The latest USDA-NASS crop progress report shows that Ohio corn is 72% planted and 51% emerged. The progress of soybean planting was 56%, while 29% was emerged. Statewide, topsoil moisture conditions were rated as insufficient at 1%, adequate at 52%, and excess at 47%.

The inability to drain the fields has prompted Garrabrant to alter a set of plans so far. Last fall, he planted 70 pounds per acre of a mix of cereal rye, clover and other species as an introduction to the cover crop concept. He intended to mow and bale the lush cover for cattle feed. Too many weather delays caused him to abandon this idea and plant green instead.

“It was interesting because it wasn’t really part of the plan to plant in something as thick and tall as that. And it really put the technology of the planter to the test,” he said. declared. The drill is equipped with automated row downforce, row cleaners and an aggressive no-till closing wheel.

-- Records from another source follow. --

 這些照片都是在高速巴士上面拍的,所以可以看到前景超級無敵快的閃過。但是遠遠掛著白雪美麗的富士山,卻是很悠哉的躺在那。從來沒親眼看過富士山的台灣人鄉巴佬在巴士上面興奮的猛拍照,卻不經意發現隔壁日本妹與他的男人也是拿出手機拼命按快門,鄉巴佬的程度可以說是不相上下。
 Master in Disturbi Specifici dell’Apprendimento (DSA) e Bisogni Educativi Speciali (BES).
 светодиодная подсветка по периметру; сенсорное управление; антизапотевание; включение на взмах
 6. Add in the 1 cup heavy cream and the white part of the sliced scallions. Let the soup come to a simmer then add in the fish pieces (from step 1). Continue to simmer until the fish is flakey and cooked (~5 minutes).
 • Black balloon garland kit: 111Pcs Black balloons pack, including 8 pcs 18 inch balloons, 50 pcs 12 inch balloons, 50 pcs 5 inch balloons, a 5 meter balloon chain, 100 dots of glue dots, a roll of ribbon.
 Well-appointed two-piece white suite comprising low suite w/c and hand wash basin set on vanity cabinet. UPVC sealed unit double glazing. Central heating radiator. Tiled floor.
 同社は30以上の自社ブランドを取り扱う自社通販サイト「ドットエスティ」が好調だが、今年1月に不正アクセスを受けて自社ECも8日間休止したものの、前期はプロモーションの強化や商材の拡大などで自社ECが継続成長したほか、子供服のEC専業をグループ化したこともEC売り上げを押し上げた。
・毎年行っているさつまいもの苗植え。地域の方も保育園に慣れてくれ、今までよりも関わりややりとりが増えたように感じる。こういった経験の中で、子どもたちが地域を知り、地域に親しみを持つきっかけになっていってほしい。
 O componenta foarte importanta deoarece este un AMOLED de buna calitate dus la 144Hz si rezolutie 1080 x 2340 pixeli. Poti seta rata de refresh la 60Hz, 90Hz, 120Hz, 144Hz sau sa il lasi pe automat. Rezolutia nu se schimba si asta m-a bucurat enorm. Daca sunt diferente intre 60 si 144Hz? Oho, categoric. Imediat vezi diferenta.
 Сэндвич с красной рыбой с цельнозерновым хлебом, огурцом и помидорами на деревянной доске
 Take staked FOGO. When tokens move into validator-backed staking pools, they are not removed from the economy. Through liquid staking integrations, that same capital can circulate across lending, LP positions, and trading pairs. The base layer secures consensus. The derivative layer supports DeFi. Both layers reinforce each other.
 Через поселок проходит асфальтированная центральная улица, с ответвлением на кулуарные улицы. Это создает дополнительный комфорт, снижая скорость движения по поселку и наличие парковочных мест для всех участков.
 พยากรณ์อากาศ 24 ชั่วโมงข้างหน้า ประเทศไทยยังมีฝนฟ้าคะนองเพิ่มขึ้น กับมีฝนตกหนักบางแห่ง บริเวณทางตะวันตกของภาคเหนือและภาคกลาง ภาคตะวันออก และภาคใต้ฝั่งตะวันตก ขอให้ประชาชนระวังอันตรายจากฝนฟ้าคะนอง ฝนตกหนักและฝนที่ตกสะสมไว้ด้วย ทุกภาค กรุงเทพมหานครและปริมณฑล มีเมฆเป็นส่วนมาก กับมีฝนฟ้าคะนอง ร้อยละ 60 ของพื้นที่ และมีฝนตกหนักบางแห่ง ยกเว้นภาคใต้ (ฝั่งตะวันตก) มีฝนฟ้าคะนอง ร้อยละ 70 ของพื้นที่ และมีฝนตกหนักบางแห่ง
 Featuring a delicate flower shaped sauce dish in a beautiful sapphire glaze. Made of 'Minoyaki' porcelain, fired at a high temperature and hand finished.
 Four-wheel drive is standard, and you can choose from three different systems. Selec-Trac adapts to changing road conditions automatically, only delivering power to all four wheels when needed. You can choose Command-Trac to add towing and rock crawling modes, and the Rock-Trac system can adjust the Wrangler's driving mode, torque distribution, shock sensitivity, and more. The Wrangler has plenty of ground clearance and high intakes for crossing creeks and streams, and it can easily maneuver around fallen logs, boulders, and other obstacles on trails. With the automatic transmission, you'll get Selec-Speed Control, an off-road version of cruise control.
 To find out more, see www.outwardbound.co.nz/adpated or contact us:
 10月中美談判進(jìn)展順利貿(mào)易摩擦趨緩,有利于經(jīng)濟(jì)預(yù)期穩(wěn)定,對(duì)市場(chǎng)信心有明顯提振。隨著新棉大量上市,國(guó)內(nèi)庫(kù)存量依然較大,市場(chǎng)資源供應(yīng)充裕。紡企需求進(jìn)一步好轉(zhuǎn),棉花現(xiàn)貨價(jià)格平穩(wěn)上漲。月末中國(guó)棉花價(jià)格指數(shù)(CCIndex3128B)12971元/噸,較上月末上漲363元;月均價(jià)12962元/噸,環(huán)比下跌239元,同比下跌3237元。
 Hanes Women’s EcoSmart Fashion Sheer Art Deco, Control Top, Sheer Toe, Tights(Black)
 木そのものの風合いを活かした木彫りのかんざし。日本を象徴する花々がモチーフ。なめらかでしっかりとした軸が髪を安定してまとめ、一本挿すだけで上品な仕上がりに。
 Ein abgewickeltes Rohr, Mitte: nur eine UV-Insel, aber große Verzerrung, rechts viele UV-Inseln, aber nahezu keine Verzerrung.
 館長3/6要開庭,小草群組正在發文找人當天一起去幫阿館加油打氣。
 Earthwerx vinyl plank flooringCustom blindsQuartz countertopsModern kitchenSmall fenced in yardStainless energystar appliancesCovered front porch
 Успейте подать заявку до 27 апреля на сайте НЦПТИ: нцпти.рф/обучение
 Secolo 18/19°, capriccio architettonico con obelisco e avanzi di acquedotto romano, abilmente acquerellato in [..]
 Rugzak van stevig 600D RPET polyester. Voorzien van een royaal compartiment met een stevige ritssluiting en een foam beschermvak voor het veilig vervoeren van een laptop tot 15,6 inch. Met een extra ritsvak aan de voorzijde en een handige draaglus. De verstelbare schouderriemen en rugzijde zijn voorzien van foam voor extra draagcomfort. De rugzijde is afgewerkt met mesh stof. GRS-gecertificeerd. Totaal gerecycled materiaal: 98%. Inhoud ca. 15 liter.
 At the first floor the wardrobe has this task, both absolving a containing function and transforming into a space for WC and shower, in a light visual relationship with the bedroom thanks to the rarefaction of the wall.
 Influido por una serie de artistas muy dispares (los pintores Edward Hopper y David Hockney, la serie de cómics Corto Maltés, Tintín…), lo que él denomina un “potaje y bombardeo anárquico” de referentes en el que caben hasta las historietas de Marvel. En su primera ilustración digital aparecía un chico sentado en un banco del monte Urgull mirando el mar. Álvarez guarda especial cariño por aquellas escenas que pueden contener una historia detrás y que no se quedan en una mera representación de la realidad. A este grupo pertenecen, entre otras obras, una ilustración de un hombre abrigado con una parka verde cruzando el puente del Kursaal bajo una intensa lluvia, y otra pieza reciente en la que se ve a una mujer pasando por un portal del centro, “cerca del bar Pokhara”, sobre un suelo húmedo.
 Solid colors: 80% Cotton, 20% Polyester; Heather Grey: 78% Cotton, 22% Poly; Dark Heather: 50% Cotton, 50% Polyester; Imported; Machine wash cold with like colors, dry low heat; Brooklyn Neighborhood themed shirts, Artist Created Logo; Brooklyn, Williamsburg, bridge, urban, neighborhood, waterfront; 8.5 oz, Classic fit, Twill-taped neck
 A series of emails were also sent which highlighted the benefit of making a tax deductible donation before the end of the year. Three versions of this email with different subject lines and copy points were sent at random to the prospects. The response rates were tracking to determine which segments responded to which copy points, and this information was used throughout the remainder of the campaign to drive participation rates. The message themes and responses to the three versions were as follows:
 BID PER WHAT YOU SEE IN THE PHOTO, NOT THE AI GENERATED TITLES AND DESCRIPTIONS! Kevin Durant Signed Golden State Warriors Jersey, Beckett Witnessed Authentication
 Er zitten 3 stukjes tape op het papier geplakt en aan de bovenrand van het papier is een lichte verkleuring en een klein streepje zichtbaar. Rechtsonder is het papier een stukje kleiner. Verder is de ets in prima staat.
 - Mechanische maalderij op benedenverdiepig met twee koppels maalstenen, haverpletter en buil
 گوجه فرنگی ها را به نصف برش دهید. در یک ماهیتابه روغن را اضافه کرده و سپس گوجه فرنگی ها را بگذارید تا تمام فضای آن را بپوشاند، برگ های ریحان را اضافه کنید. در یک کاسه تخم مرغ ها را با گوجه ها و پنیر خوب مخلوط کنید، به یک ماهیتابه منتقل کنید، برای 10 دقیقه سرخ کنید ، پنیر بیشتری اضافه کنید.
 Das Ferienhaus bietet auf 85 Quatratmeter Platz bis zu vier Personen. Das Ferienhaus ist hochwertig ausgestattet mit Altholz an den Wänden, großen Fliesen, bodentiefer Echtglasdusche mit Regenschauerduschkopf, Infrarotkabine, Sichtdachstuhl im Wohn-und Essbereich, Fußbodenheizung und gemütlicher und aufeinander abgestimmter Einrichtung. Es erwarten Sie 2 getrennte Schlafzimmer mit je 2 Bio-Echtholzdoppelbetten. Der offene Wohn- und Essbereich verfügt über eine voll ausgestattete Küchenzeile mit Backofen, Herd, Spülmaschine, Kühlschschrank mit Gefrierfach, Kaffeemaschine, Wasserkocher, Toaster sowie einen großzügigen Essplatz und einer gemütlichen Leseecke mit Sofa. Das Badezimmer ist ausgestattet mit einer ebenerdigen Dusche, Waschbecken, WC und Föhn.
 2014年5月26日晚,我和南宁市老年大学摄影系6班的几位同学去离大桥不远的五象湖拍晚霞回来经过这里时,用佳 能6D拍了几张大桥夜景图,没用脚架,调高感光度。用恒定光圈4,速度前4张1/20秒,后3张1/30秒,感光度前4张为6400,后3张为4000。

“I was impressed with the quality of the planting I was getting. I had no problems packing. The closing wheels really seemed to seal the trench,” he said. “While I’m glad it’s planted and how it was planted, I’m a little nervous about the nitrogen-retaining grass.”

He hoped the added residue would allow him to return to the field more quickly to burn cover. He planned to add 28% (nitrogen) to his herbicide mix as a carrier.

“I still have to make sure everything is compatible in the pot test,” he said. On the wish list for next year is to add 2×2 fertilizer placement capabilities.

For this year however, he plans to set aside that corn. “I don’t know if the cover will allow a knife or coulter to slice through the thick cover. I have a Y-toolbar for my sprayer if I need to go in that direction”, did he declare.

Beans struggled to come out of the ground in some areas, he reported. Recent rains have probably contributed to this situation. So far, most farmers seem to be sticking to their cultivation plans, he said.

Like Arnusch, Garrabrant enjoys field work and time behind the wheel. “I’m pretty picky about the work I do and like to stay focused on what’s going on behind me. So I don’t listen to a lot of music or anything else on the pitch. I want to know if there is a problem that arises or something that needs my attention,” he said.

“I don’t have Cadillac taxis either. So I guess all the banging and banging is my music,” he said.

Managing the stress of weather delays also draws a measured response from the young farmer. “I try to keep in mind that there are things in my control and things out of my control.

“What’s out of my control will always be out of my control and something will come out of it,” he said.